Over the last two years, 40 schools have sent representatives to study Naperville's program.

But before the philosophy can spread, Lawler says, some built-in resistance has to be overcome.

"Probably 60% of our population had real bad experiences in PE, and those people are now our legislators, administrators and teachers," Lawler says. "I think there has to be a revolution at the university level to prepare teachers to teach 'the new PE.' "

One state where that's happening is Kansas.

In 1992 the Kansas Health Foundation challenged the state department of education to implement a curriculum that would teach skills for healthy lifestyles. It also has provided $1.5 million in grants to the Physical Dimensions program now used at 148 middle schools and 152 high schools.

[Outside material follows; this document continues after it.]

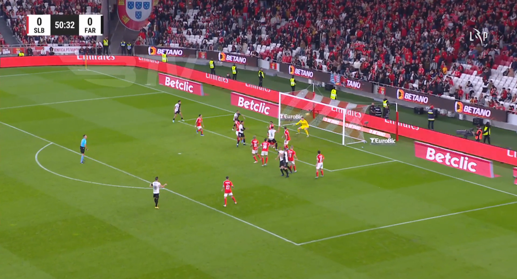 O Farense inaugurou o marcador frente ao Benfica, no Estádio da Luz, aos 51 minutos.

"It does take a lot of work to train teachers who have been out in the field for 20 years," Physical Dimensions director Bobbie Harris says. "It's hard to get them to change. But we haven't gotten anybody who has gone through the training and come back and said it doesn't work."

Some of the games might make a Vince Lombardi-style football coach wince.

There's lots of rope-jumping, Frisbee-throwing, scarf-juggling, hula hoops and even games of catch with rubber chickens.

"The whole time you're running and you're working as a team," Harris says. "Then we say, 'Oops, look, your heart rate is up.' We did line dancing at a high school the other day. Heart rates were up over 140 for 12 minutes, and it was fun and it was non-threatening."

The only criticism Harris has encountered is "some people think we're being soft on kids, but every kid is participating with his heart rate up."

As for the old, drill-sergeant approach to PE, Harris says, "The boot-camp thing didn't work, with push-ups as punishment or having them run a lap. 'Wait a minute. You want me to run, and yet you punish me with it?' "

Community involvement

For schools seeking modern equipment, the Bay Shore Union Free School District on Long Island, N.Y., suggests starting where health interests are highest: hospitals.

Bay Shore received $20,000 grants from the Good Samaritan Hospital Medical Center in West Islip and from Southside Hospital in Bay Shore, plus $15,000 worth of equipment.

Bay Shore educators have stressed overlapping their fitness efforts into other areas of academic study.

Use of computers and heart-rate monitors involves math; diet instruction involves science and nutrition; lessons on cardiovascular improvement deal with anatomy and physiology.

"We bring the real world into the classroom," Bay Shore athletic director Gene Gyer says. "What can be more real to a young person than their wellness?"